His eyes could not be seen through the dark glasses. The lenses reflected nothing, as if they were made of velvet. The dark man was silent.

“My alarm did not go off!”

Sasha burst into tears right there, on the street, from fear, from the unknown, from the emotional strain of the past few days. The passersby turned their heads, staring at the weeping girl. Sasha felt as if she’d dived deep into the sea and was watching a school of pale fish through a thick layer of water.

“It’s very bad, but not terrible,” the man in the dark glasses said finally. “As a matter of fact, it’s even good for you—it’ll teach you some discipline. The second such blunder will cost you a lot more, and don’t say I didn’t warn you.”

He turned and departed, leaving Sasha sobbing and vigorously shaking her head no to all the questions from the sympathetic passersby. Hiding in a park alley—deserted at this hour— and pulling a handkerchief out of her bag, she was finally able to clean up her tears and snot, but did not manage to calm herself down.

Her own dark sunglasses, the ones she’s had for over a year, with a thin frame, hid the redness of her eyes and her swollen lids. Pushing her hat low on her forehead, Sasha walked down the street, avoiding looking at people, not lifting her eyes from the pavement. In front of her, a girl of about four stomped her red sandals on the ground, holding her mother’s hand.

An ambulance stood in front of the beach entrance. Sasha stopped, and her shoes stuck to the softened asphalt.

Almost immediately, she saw her mother. Mom wobbled on the gravel, a towel thrown over her shoulders, holding onto a stretcher. A very pale man lying on the stretcher vaguely resembled a cheerful, sanguine Valentin.

Sasha sat down on the balustrade.

The stretcher was loaded into the ambulance. The doctor said something to Mom, she nodded several times and asked something in return. The doctor shook his head and climbed into the ambulance. The car beeped at the crowd, pulled back, reversed on a small parking lot into front of the hotel and drove up The Street That Leads to the Sea.

“Very bad, but not terrible.”

“What happened to him, Mom?”

Mom turned around. Panic and grief swam in her eyes.

“Hospital Number Six,” she chanted, like an incantation. “I’m just… I need to change, and then I’ll go. It’s a heart attack, Sasha. A heart attack. Oh god, oh god…”
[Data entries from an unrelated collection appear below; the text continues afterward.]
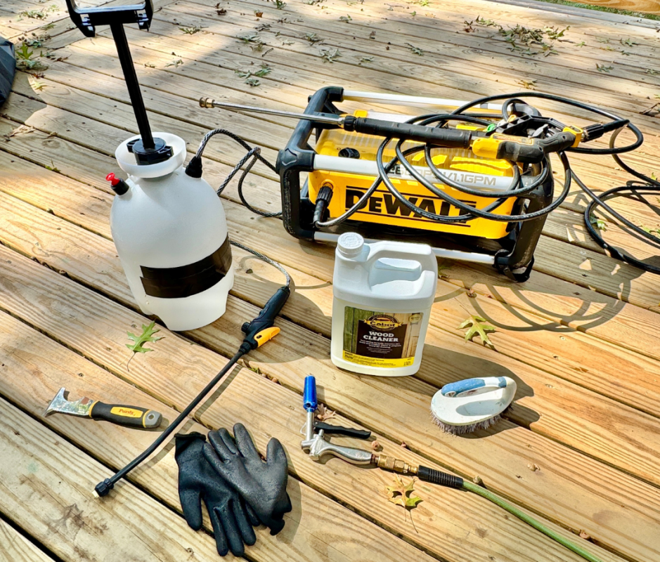 Here are the supplies we use when prepping a deck for stain or sealer.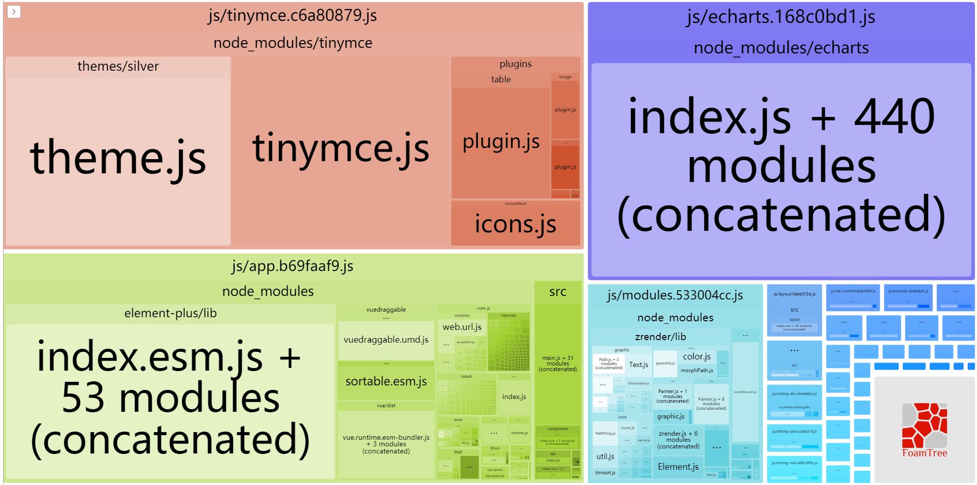 在打包完成后,将在 dist 根目录下生成report.html,可以查看各个模块的体积分析,从而决定是否需要抽离。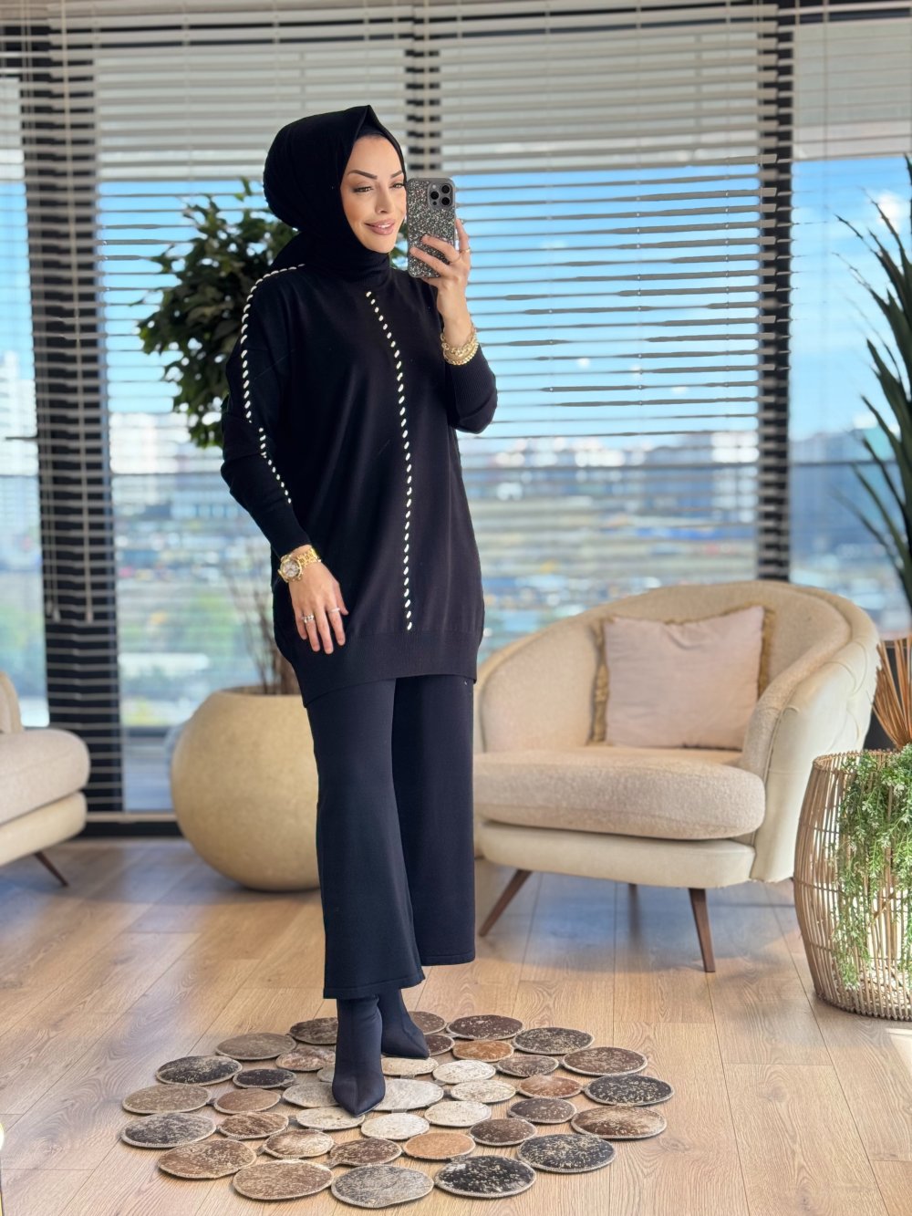 1408 Ön Ve Kolu İp Geçmeli Triko Pantolonlu Takım Siyah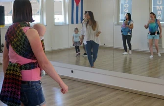 Zajęcia odbywają się w jednej z piotrkowskich szkół tańca. Młode mamy ćwiczą bachatę, czyli sensualny taniec pochodzący z Dominikany.

Like a blind person, she moved through the throng of intrigued beachgoers.

* * *

Mom spent the night at the local hospital. Almost all of their cash went to the doctors and nurses, and Mom had to go to the post office and call one of her coworkers who promised to wire them some more money. Sasha spent a sleepless night alone in their room. The alarm clock was no longer reliable.

At three in the morning she left the house. Somewhere the night clubs were still going strong, and the cafés were still lit. Sasha walked down to the dark sea and sat down on the gravel at the water’s edge.

Far away, a ship appeared on the horizon. Cicadas shrieked in the gardens behind Sasha’s back. The sea licked the beach, stole tiny rocks and brought them back, polished them, rubbing together their surfaces. The sea had time. And patience enough for two.

At quarter to four, Sasha pulled off her clothes and stepped into the water, shivering. She swam, constantly looking back as if expecting a monster in dark glasses to rear its ugly head out of the waves.